El 2 de octubre lo llevamos a su
nueva casa. Deberíamos alegrarnos. Es
un paso que asegura su futuro. Sin embargo, el día que su madre y yo tuvimos la
reunión en la que nos explicaron todo y nos mostraron el centro, ella no pudo
evitar las lágrimas. Unas lágrimas silenciosas que brotaban de debajo de las
gafas de sol. Yo estuve a punto, pero me levanté de la silla y me marché unos
minutos de la sala. Es que hay casos de personas con discapacidad que necesitan
mucho apoyo. Y verlo te emociona, te revuelve por dentro.
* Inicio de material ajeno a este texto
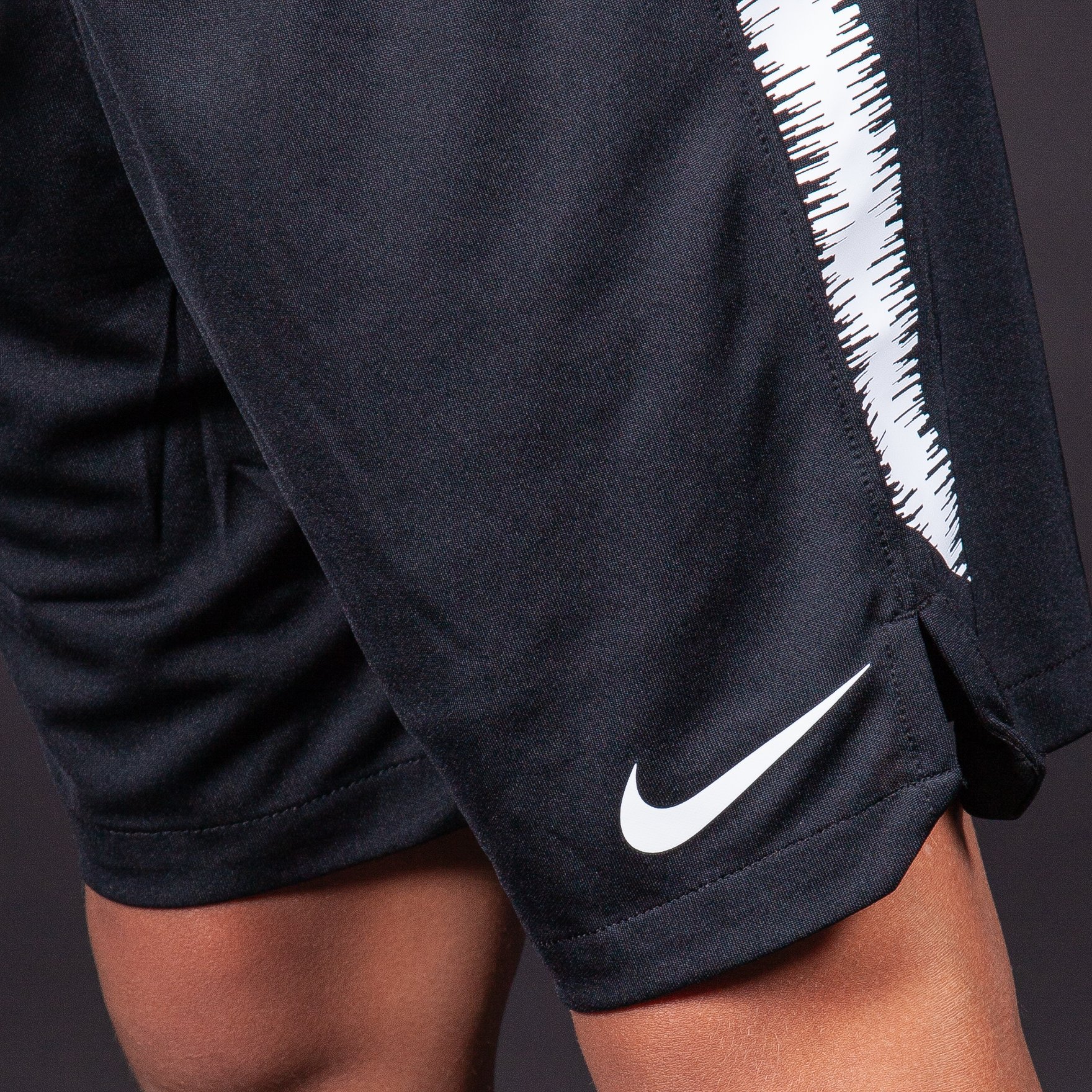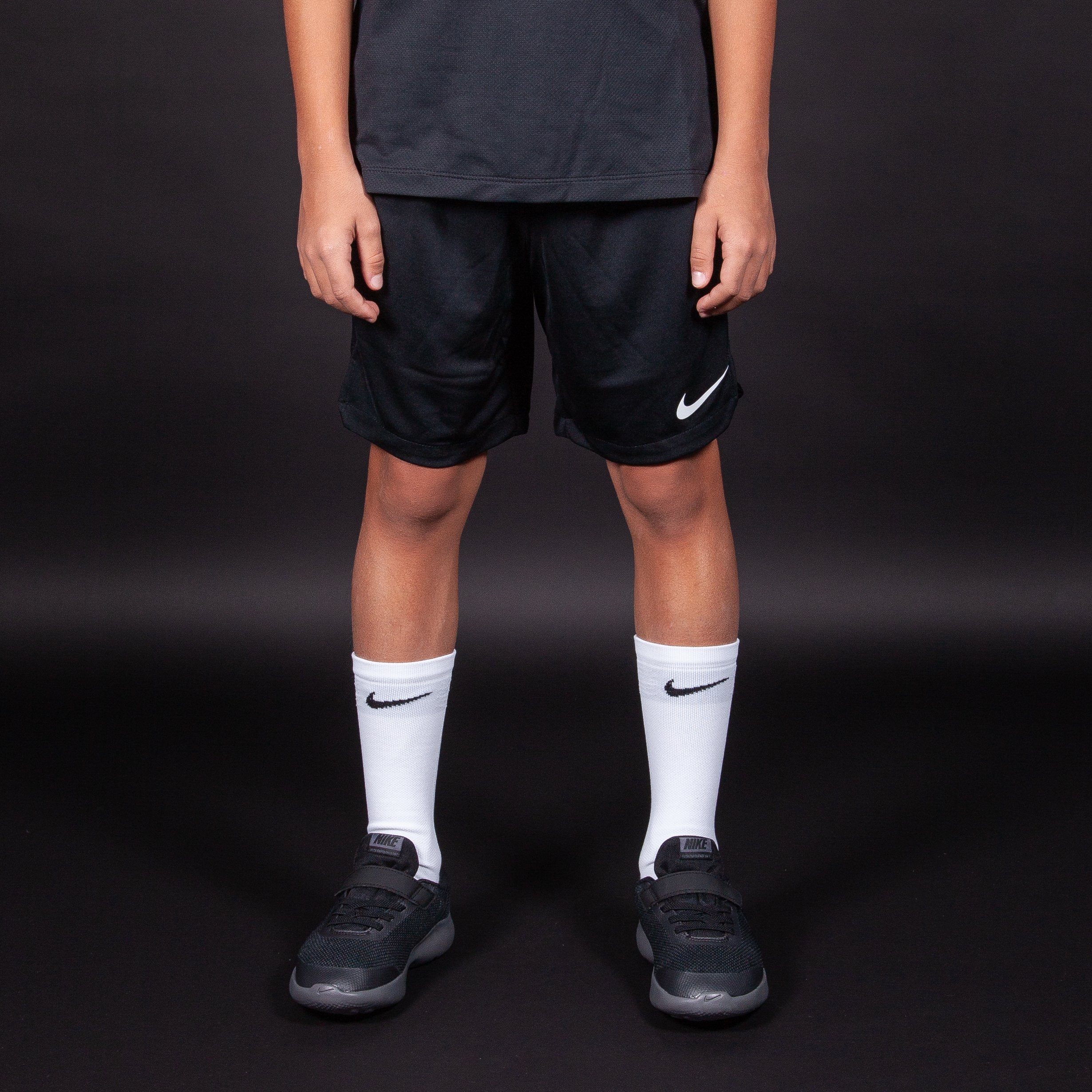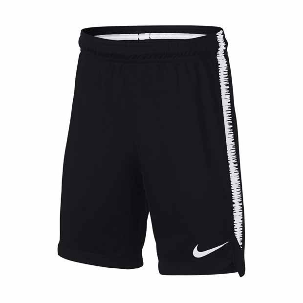 Детские футбольные шорты Nike Dry Squad черного цвета с белыми вставками по бокам отлично подходят для тренировок и игр любого уровня. Они выполнены из легкого синтетического материала, который:
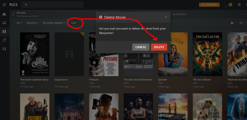 I think you’re on to something. That’s EXACTLY what happened. I already had a movie (on one drive… D:) and didn’t realize. I put it on Drive E: and then ran the scan. I had the movies sorted by Date Added and couldn’t figure out why it wasn’t showing up as the latest movie. That’s when I checked and found the identical movie on Drive D:. Instead of deleting one of the files, I moved one of them out of the library folder and used Plex to delete the other. When I put the one I moved back into the Library folder and rescanned it added it as a new movie, but didn’t delete the old post. I renamed the old post as STUPID ERROR and tried to delete it. That’s where it’s at right now. Won’t delete.
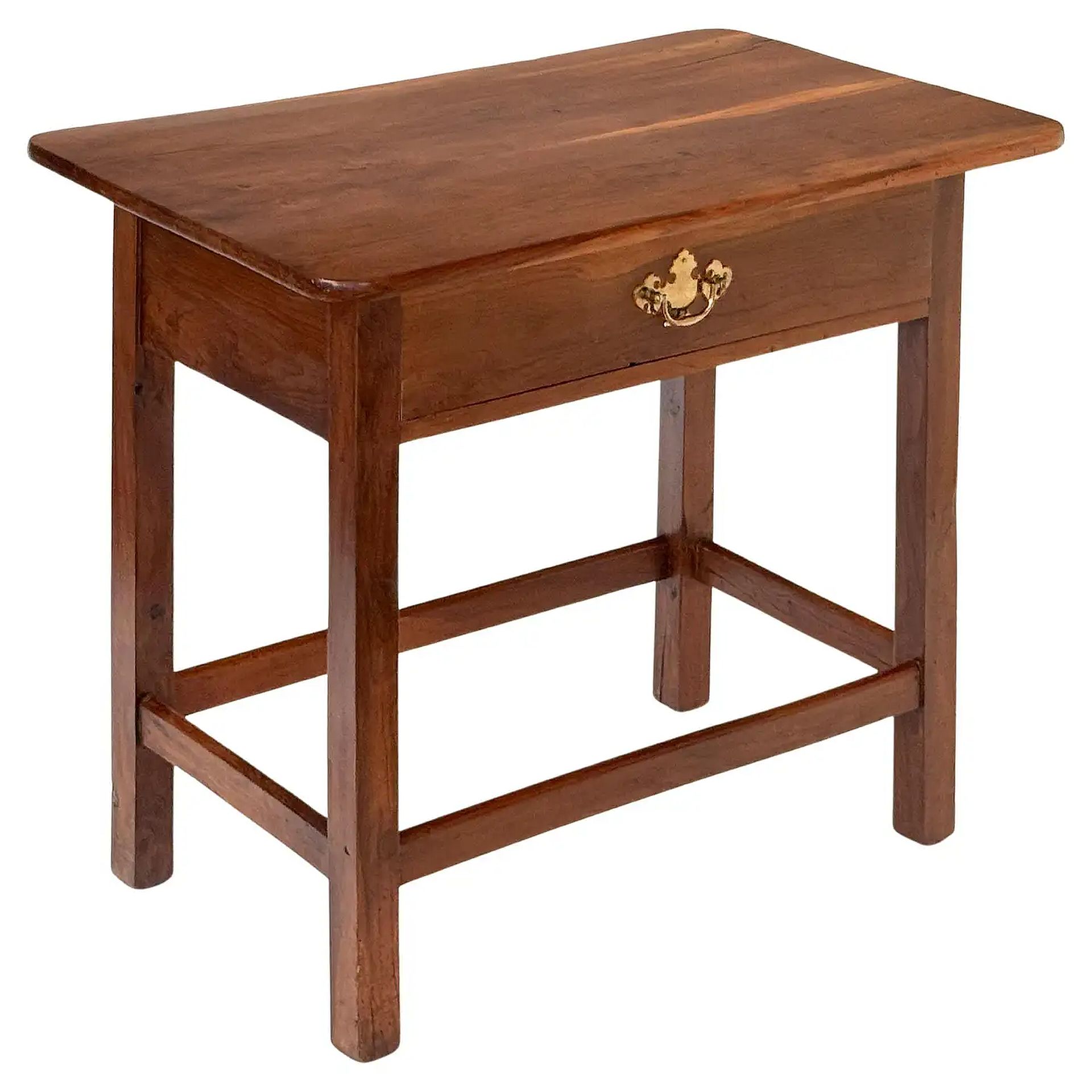A fine French end or serving side table of patinated cherry wood, featuring a rectangular plank top with lightly rounded corners, over a frieze with one-drawer and brass pull, resting on a sturdy square-legged stretcher frame.
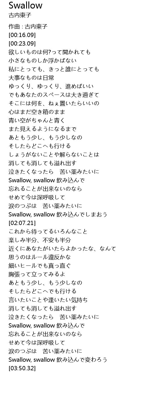 | [02:00.15] | Swallow, swallow 飲み込んでしまおう |
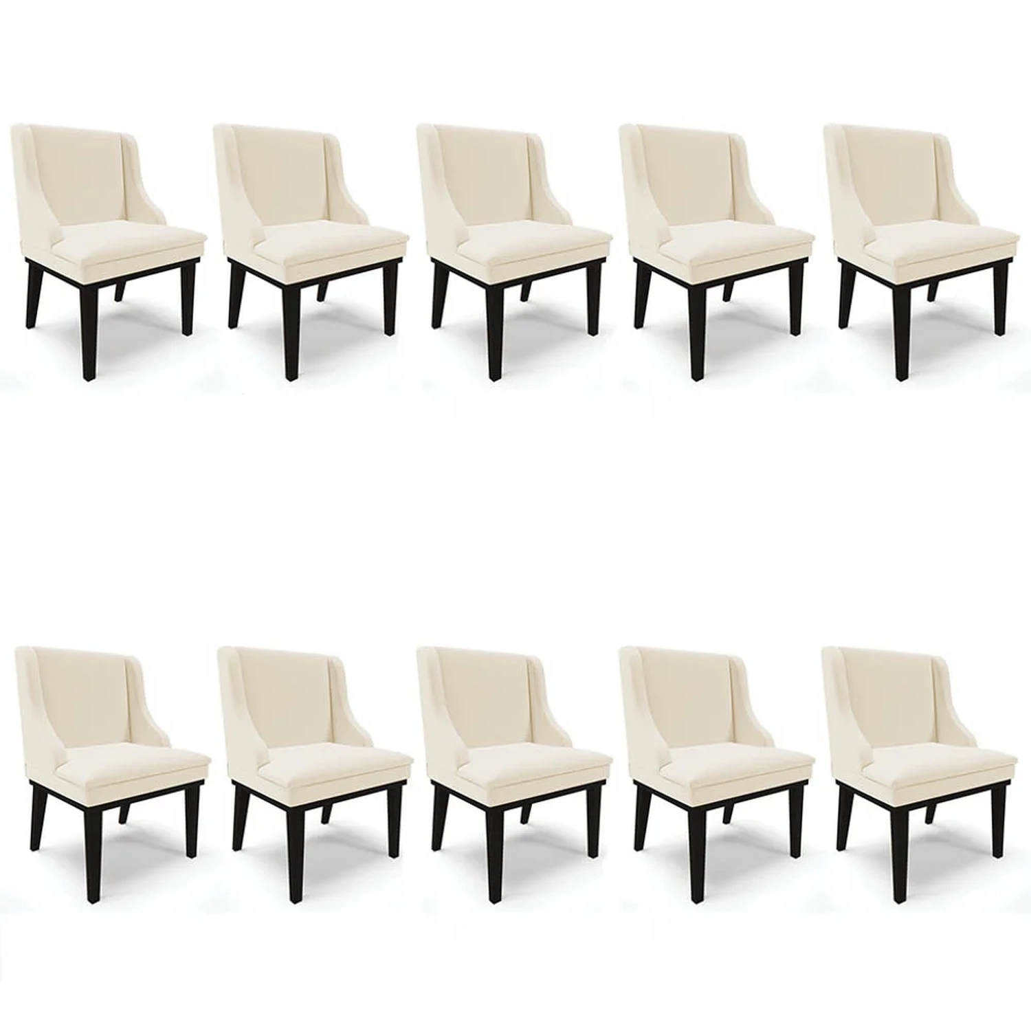 Sofisticação e conforto, são as palavras que definem o Kit 10 Cadeiras Estofadas para Sala de Jantar Base Fixa de Madeira Preto Lia Linho Bege, da Ibiza, confira!
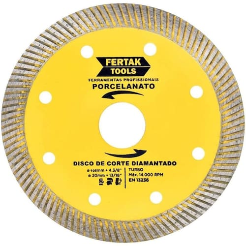Cortes precisos e sem rebarbas no porcelanato O Disco de Corte para Porcelanato 105x20mm foi projetado para oferecer máxima precisão e acabamento impecável. Ideal para cortes retos e curvos, ele é a escolha perfeita para quem busca qualidade e eficiência em reformas, construções e projetos de revestimento.
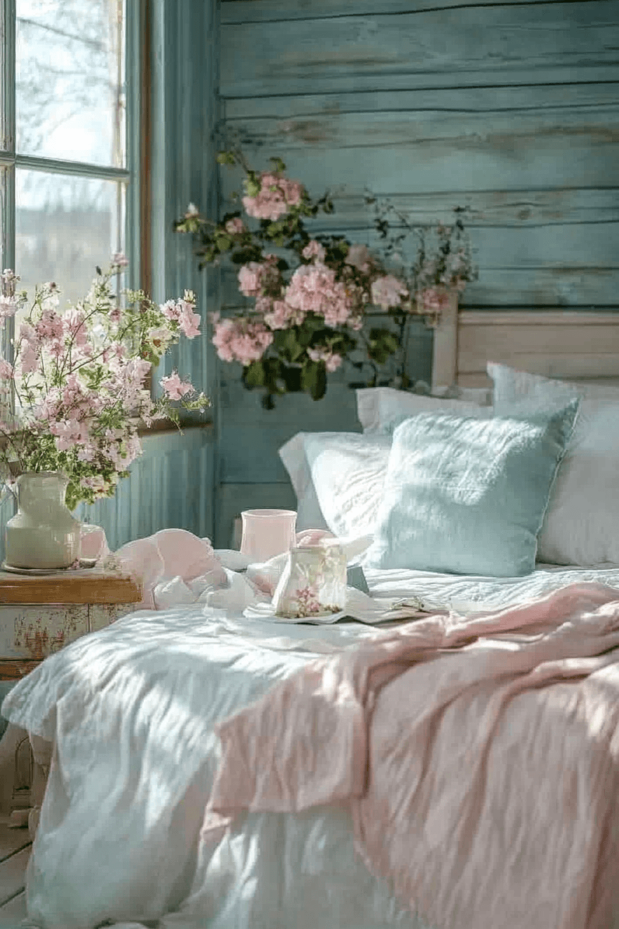 Gentle color hues create a cozy bedroom that feels harmonious and inviting. This shabby chic bedroom uses muted pastels and soft tones throughout. Vintage furniture and accessories add character and charm to the space. Layered textures enhance the cozy and comfortable atmosphere. Every detail supports a peaceful and restful environment. Discover more soft-hued shabby chic bedroom inspiration.
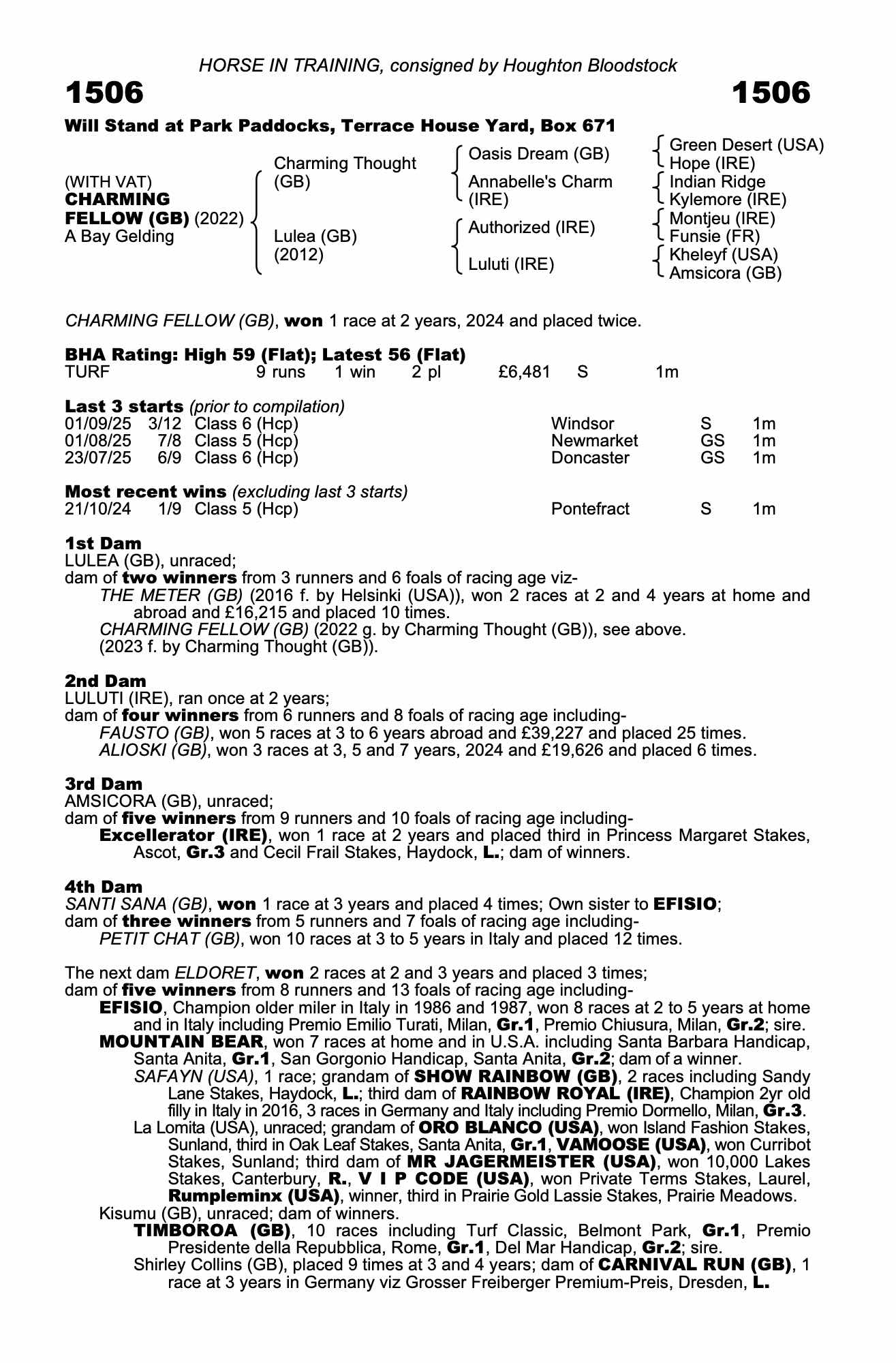 BHA Rating: High 59 (Flat); Latest 59 (Flat)23/09/25 – 2nd of 9 in 1m ½f Class 6 (Hcp), Beverley (S)
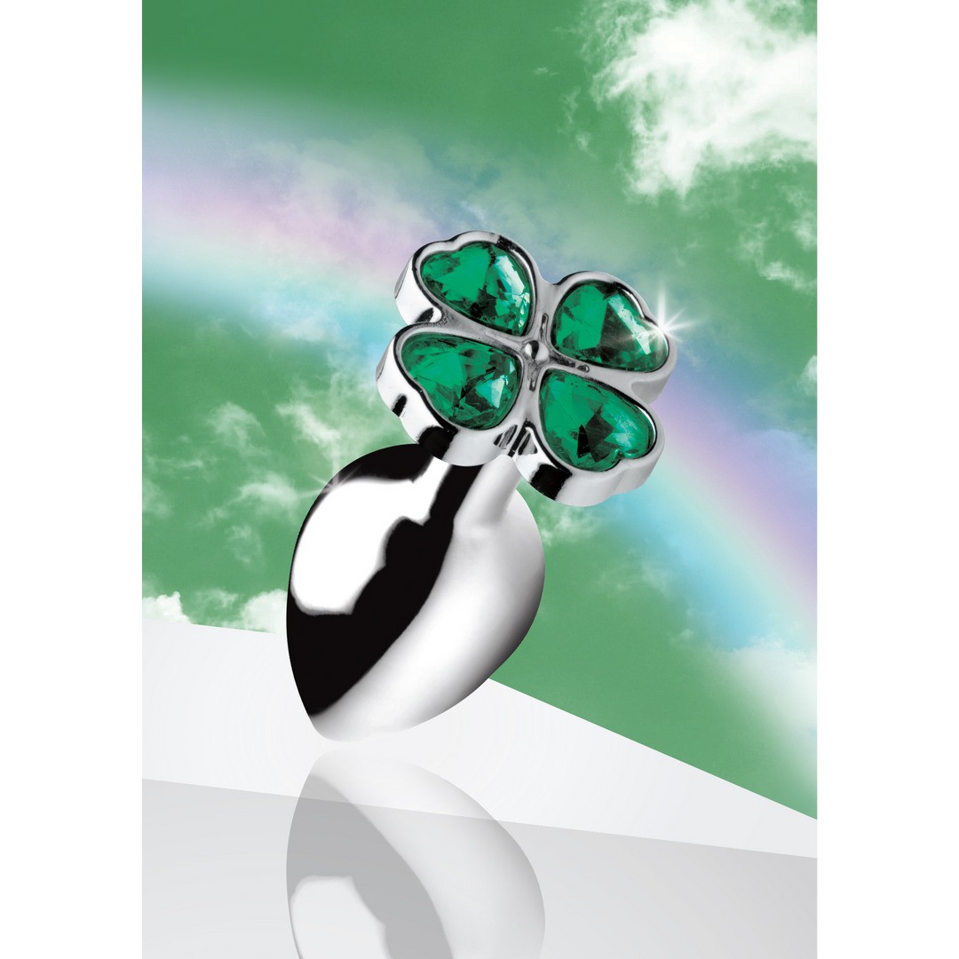 Plug anal en métal avec bijou en forme de trèfle — parfait pour les jeux de température et la stimulation avec charme et chance.

Manu necesita apoyo,
pero viene de un piso tutelado y de un centro ocupacional, y se desenvuelve
bastante bien, aun cuando su movilidad ha empeorado en los últimos dos años. Y
esa es la razón del traslado. Bajar y subir aquella cuesta, en Arganda, lo
cansaba en exceso.
Todo ha ido bien hasta ahora.
Solo ha dormido en la residencia una noche, y ya nos cuenta cosas y se va
adaptando. «Me estaba duchando y se ha inundado el baño, anoche fui a cenar con
unos compañeros a un chino».
El 3 de octubre lo recogimos para
irnos de fin de semana al pueblo. Ese mismo día, antes de salir, me pasé por el
banco, donde había solicitado un seguro de decesos (lo llaman con ese
eufemismo, no nos gusta nombrar a la muerte). La empleada me había llamado para
decirme que ya tenía la propuesta, así que fui a firmarla y me dijo que ella
podía enviarla a la residencia por correo electrónico.
Con ello terminé de entregar
todos los papeles que me habían demandado.
Íbamos en el coche y le dije a mi esposa:
—¿Por qué pedirán un seguro de
fallecimiento?
—No lo sé —dijo ella.
—Supongo que lo necesitarán por
si los familiares no quieren hacerse cargo de los gastos llegado el caso.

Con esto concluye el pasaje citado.